Radiographic severity of knee osteoarthritis

Bilateral weight-bearing anteroposterior and lateral semi-flexed radiographs were recorded for both knees in each subject. They were radiologically graded according to the Kellgren–Lawrence classification [10]. The radiographs were evaluated blindly by an experienced rheumatologist (GHB).

Reliability assessment

The internal consistency of the scale was evaluated using the Cronbach’s alpha coefficient, McDonald’s omega coefficient, and the IRT reliability coefficient. Interpretation of the IRT reliability coefficient is similar to Cronbach’s alpha; a value between 0.80 and 0.95 was considered good internal consistency [19, 20]. For the test-retest reliability evaluation, all patients were invited to a second evaluation. The clinical assessment was repeated by the same physician 14 days after the first assessment at the same study site. The test-retest reliability was calculated by using an intra-class correlation coefficient (ICC, two-way mixed-effect ANOVA model with interaction for the absolute agreement between single scores). An ICC > 0.70 was considered adequate [20]. Measurement error was obtained by evaluating the standard error of measurement (SEM), smallest detectable change (SDC), and Bland-Altman limits of agreement [20].

Validity assessment

Construct validity was evaluated by structural validity, relationships to scores of other instruments, and differences between relevant groups [21]. Structural validity was assessed by confirmatory factor analysis (CFA). The diagonal weighted least squares estimation (DWLS) method with polychoric correlations was used to estimate the factorial model parameters [22]. Factorial loadings > 0.70 are desirable [21]. The goodness of fit of the model was analyzed with the chi-square test, whose p value ≥ 0.05 indicates that the proposed model fits the data. Other indicators of good fit are the root mean square error of approximation (RMSEA) < 0.06, the standardized root mean square residual (SRMR) ≤ 0.08, the comparative fit index (CFI) ≥ 0.95, and the Tucker-Lewis index (TLI) ≥ 0.95 [22, 23]. An index RMSEA < 0.08 demonstrates an adequate fit, while an RMSEA > 0.1 is considered a poor fit [24].

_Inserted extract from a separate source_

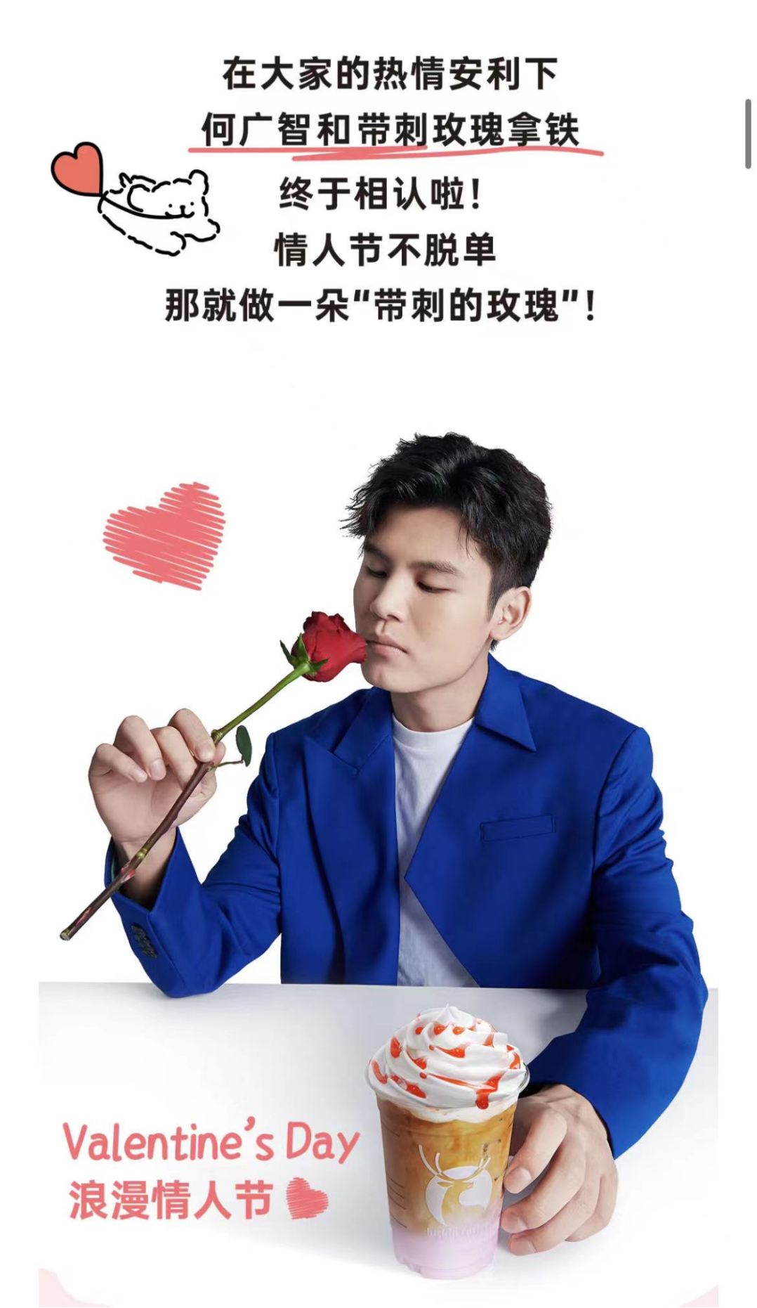 你以為這就結束了?就在情人節(jié)前一天,瑞幸官宣帶刺玫瑰何廣智和帶刺玫瑰拿鐵相認了,“帶刺玫瑰沒有刺,只有修狗和廣智”,“情人節(jié)不脫單,那就做一朵帶刺的玫瑰”,“愛紅豆的「甜狗」才是情人節(jié)之光”,這文案功底可謂是將《脫口秀大會》的熱門段子和網(wǎng)絡熱梗都給拿捏住了,不愧是玩梗大師。

Construct validity was considered adequate if expected correlations were found with existing measures assessing similar (convergent validity) and different (divergent validity) constructs [4]. To establish convergent validity, some hypotheses were tested:

  1. 1.

    KOOS-12 pain should present a positive and strong correlation (r > 0.7) with KOOS pain, ADL, and QoL [8], and negative and moderate correlation (r > − 0.6) with ICOAP [25,26,27].

  2. 2.

    KOOS-12 function should present a positive and strong correlation (r > 0.7) with KOOS ADL [8], and moderate (0.4 < r < 0.7) with KOOS sport, TUG, and 30-s CST.

  3. 3.

    KOOS-12 summary should present a strong correlation (r > 0.7) with KOOS pain, ADL, and QoL, and moderate to strong (r > 0.4) with TUG and 30-s CST.

  4. 4.

    IKDC score would show a positive and moderate correlation with the KOOS-12 pain and QoL, and strong correlation with KOOS-12 function and summary.

  5. 5.

    Correlation between KOOS-12 function and WHODAS 2.0 mobility and activities of daily living subscales should be moderate to strong (0.4 < r < 0.8).

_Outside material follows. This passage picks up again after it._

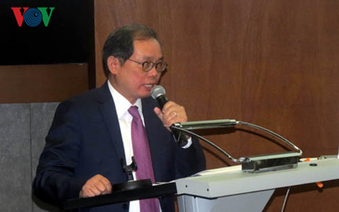 | Đại sứ Đặc mệnh toàn quyền Việt Nam tại Pháp Nguyễn Ngọc Sơn phát biểu tại hội thảo. |

To establish the divergent validity, the following hypotheses were tested:

  1. 1.

    KOOS-12 pain scale should present a positive and moderate correlation (0.4 < r < 0.69) with KOOS symptoms and sport [8].

  2. 2.

    KOOS-12 QoL should show a moderate correlation with KOOS pain, symptoms, and sport.

  3. 3.

    Correlation between KOOS-12 function scale and WHODAS 2.0 cognitive disability scale should be low (r < 0.4).

Known-groups validity was measured by testing a priori hypotheses about subgroups expected significant differences in mean KOOS-12 scores. Hypotheses were formulated as follows: (1) KOOS-12 scales and summary score in healthy people would be significantly higher than score in patients with KOA; (2) KOOS-12 subscales and summary score would be significantly higher in patients with KOA grade 1 compared with patients with grades 3 and 4; and finally, (3) the KOOS-12 summary score would be significantly lower in obese patients.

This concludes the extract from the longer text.